Supplied data:
══════
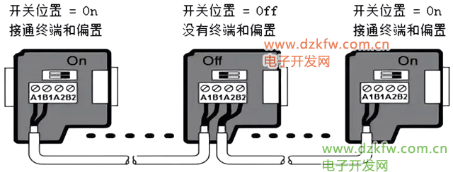 连接器上配备了两组连接端子,分别用于接入输入线缆和输出线缆。此外,连接器还设有终端和偏置电阻的切换开关。位于网络两端的通信节点需将连接器上的开关置于开启状态(On),而网络中间的通信节点则需将开关设置为关闭状态(Off)。
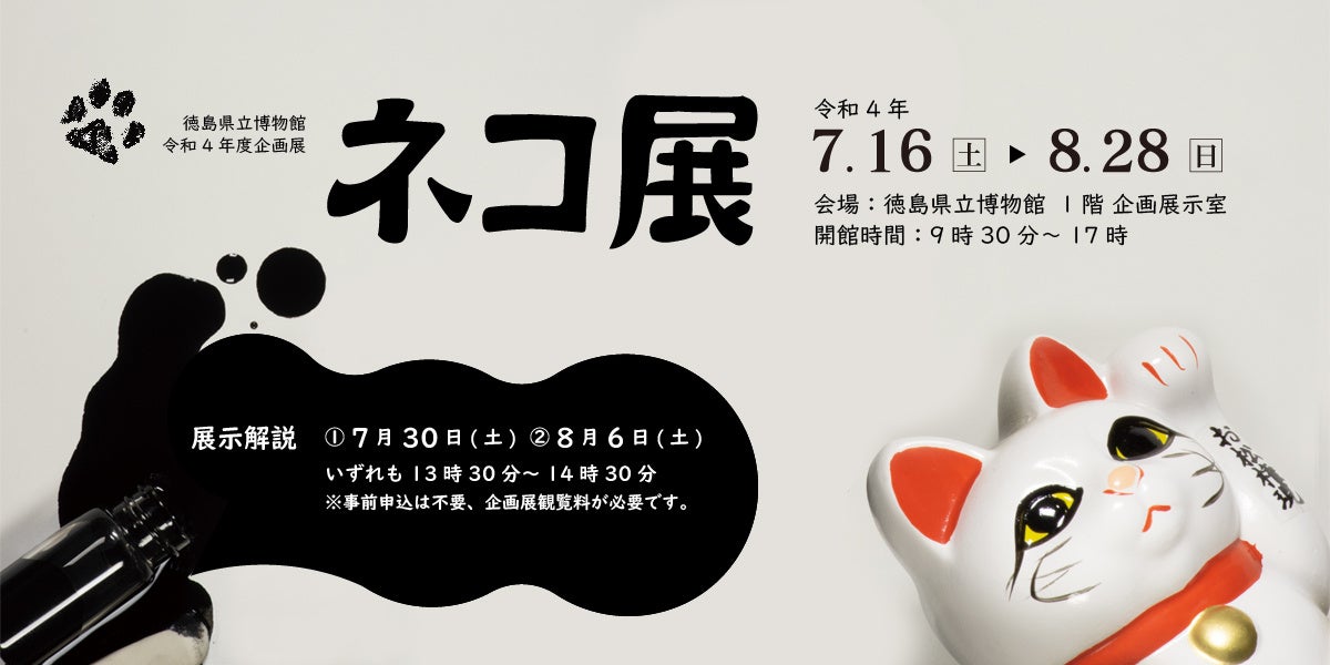 徳島市の徳島県立博物館で、7月16日(土)から8月28日(日)まで企画展「ネコ展」が開催中です。
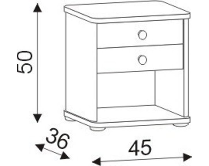 Noční stolek je vybaven dvěmi praktickými zásuvkami, které jsou opatřeny dřevěnou úchytkou. Pod zásuvkou se nachází praktický úložný prostor pro vaše věci, které potřebujete mít v ložnici po ruce.
══════
The task: The response must restate each line of the material above exactly and contain no images.

Answer box:
 连接器上配备了两组连接端子,分别用于接入输入线缆和输出线缆。此外,连接器还设有终端和偏置电阻的切换开关。位于网络两端的通信节点需将连接器上的开关置于开启状态(On),而网络中间的通信节点则需将开关设置为关闭状态(Off)。
 徳島市の徳島県立博物館で、7月16日(土)から8月28日(日)まで企画展「ネコ展」が開催中です。
 Noční stolek je vybaven dvěmi praktickými zásuvkami, které jsou opatřeny dřevěnou úchytkou. Pod zásuvkou se nachází praktický úložný prostor pro vaše věci, které potřebujete mít v ložnici po ruce.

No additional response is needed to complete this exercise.